Dass die Bewegung in sich so widersprüchlich wirkt, hängt auch damit zusammen, dass sie sich dagegen wehrt, sich auf dem politischen Parteienspektrum als "links" oder "rechts" einordnen zu lassen. Das zeigt sich im Camp am Großen Stern etwa an einem Plakat, auf dem steht: "Weder links noch rechts, sondern entsetzt". Auf einem anderen findet sich der Ausspruch: "Es lebe die Freiheit!"

Ein Passant kritisiert die "Querdenker"

Diese Freiheit des Individuums ist nämlich der wichtigste Wert der Bewegung. Links oder rechts zu sein kommt nur an zweiter oder dritter Stelle, weswegen auf "Querdenken"-Demos linksextreme Anarchisten zusammen mit rechtsextremen Reichsbürgern marschieren. Der gemeinsame Wille zur absoluten Freiheit und Unabhängigkeit vom Staat verbindet sie am Ende.

Ihre Mitmenschen von dieser Sicht auf die Welt zu überzeugen, gelingt den "Querdenkern" am Freitagmittag aber kaum.

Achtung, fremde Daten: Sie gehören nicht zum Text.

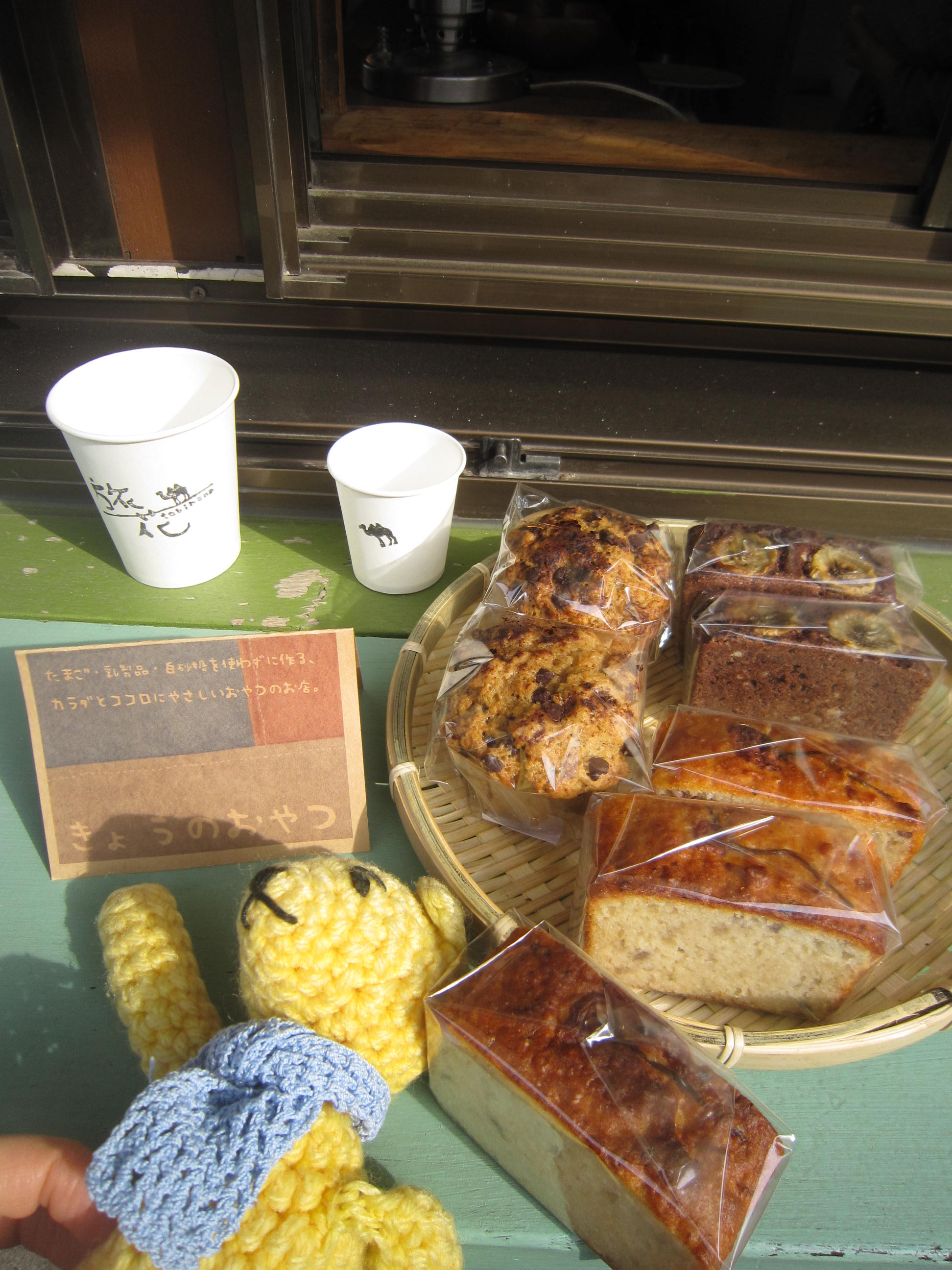 朝、旅花にふらり、エスプレッソをいただく。カウンターにお菓子発見。

Passanten und abgestiegene Radfahrer quetschen sich zwischen Zelten und der improvisierten Lkw-Bühne hindurch und bleiben nur selten stehen, um den Reden zuzuhören oder einen Flyer mitzunehmen. Ein Jogger ruft dem t-online-Reporter im Vorbeilaufen zu: "Lass dich bloß nicht von denen anstecken!" Und so bleibt das "Querdenken"-Camp, zumindest an diesem Tag, vor allem eines: eine kleine Verkehrsbehinderung.